> [What is required]:
Please copy the lines below, exactly as they are, from the one with "続いては大根やエゴマの葉で巻" through the one with "2024年11月29日下午三", and leave out the pictures.

> [Information provided]:
════

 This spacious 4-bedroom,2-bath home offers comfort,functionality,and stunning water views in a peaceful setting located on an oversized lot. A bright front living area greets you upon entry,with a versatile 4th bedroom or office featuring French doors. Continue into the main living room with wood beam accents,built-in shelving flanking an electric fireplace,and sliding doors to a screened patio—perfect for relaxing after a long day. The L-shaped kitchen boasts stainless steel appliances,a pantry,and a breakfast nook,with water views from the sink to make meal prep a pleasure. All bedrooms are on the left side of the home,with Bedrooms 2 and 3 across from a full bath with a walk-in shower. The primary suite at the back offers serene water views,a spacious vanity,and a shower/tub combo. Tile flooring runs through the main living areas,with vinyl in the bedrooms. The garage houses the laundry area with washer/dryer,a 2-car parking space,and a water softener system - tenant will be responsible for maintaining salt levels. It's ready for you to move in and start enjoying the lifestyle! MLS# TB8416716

════

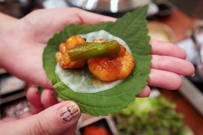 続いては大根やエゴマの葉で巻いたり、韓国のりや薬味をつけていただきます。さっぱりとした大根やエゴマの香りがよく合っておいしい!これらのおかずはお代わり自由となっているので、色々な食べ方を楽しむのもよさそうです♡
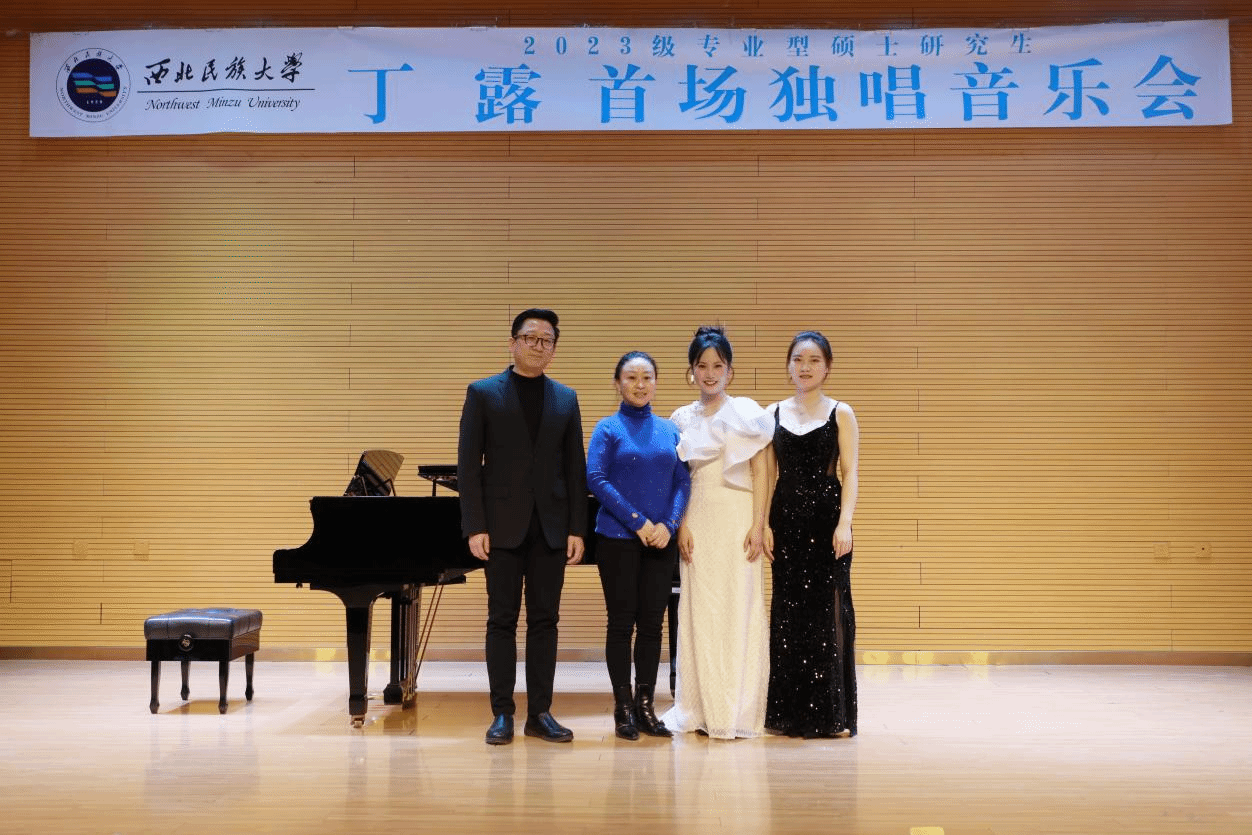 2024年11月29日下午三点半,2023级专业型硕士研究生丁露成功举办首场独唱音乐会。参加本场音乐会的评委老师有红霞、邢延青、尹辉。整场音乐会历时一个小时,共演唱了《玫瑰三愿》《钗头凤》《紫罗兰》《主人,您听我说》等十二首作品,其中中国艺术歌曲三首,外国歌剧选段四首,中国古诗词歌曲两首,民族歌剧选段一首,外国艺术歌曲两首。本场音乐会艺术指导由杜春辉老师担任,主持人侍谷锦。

════

> [Problem solution]:
 続いては大根やエゴマの葉で巻いたり、韓国のりや薬味をつけていただきます。さっぱりとした大根やエゴマの香りがよく合っておいしい!これらのおかずはお代わり自由となっているので、色々な食べ方を楽しむのもよさそうです♡
 2024年11月29日下午三点半,2023级专业型硕士研究生丁露成功举办首场独唱音乐会。参加本场音乐会的评委老师有红霞、邢延青、尹辉。整场音乐会历时一个小时,共演唱了《玫瑰三愿》《钗头凤》《紫罗兰》《主人,您听我说》等十二首作品,其中中国艺术歌曲三首,外国歌剧选段四首,中国古诗词歌曲两首,民族歌剧选段一首,外国艺术歌曲两首。本场音乐会艺术指导由杜春辉老师担任,主持人侍谷锦。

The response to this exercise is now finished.